Personal information
- Full name: Jordon Ronald Sweet
- Born: 2 February 1998 (age 28)
- Original team: North Adelaide (SANFL)
- Draft: No. 23, 2019 AFL rookie draft, Western Bulldogs
- Debut: Round 5, 2021, Western Bulldogs vs.

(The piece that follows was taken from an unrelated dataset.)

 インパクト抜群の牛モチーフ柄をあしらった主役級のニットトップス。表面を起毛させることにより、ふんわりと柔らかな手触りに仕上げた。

Gold Coast, at Docklands Stadium
- Height: 206 cm (6 ft 9 in)
- Weight: 103 kg (227 lb)
- Position: Ruck

Club information
- Current club: Port Adelaide
- Number: 24

Playing career^{1}
- Years: Club / Games (Goals)
- 2019–2023: Western Bulldogs / 11 0(2)
- 2024–: Port Adelaide / 56 (16)
- Total:  / 65 (18)
- ^{1} Playing statistics correct to the end of round 22, 2026.

Career highlights
- SANFL premiership player: 2018;

= Jordon Sweet =

Australian football league player

Jordon Ronald Sweet (born 2 February 1998) is an Australian rules footballer who plays for the Port Adelaide Football Club in the Australian Football League (AFL). He was recruited by the Western Bulldogs with the 23rd draft pick in the 2019 AFL rookie draft. He previously played for the Western Bulldogs.

==Early football==
Sweet began his football career at Ingle Farm Junior Football Club in the inner north of Adelaide. He played from 2010 to 2011 in the Under 12s and 14 divisions, playing a total of 41 games with the club before moving to Tea Tree Gully Football Club, where he played 35 games in the Under 15s and Under 16s revisions. He then stepped up and began playing for , playing eight games over two years, including a premiership in the latter where he kicked one goal and had 24 hitouts.

==AFL career==

===Western Bulldogs (2019–2023)===
Sweet stayed behind other young ruckman Tim English in the pecking order of team selection. He got his chance to debut when main ruckman Stefan Martin was rested in the 5th round of the 2021 AFL season. On debut, Sweet collected eight disposals and 31 hitouts. He was omitted the next week, but again returned in Round 8 when Martin was out with Achilles soreness. He kicked his first career goal in that game.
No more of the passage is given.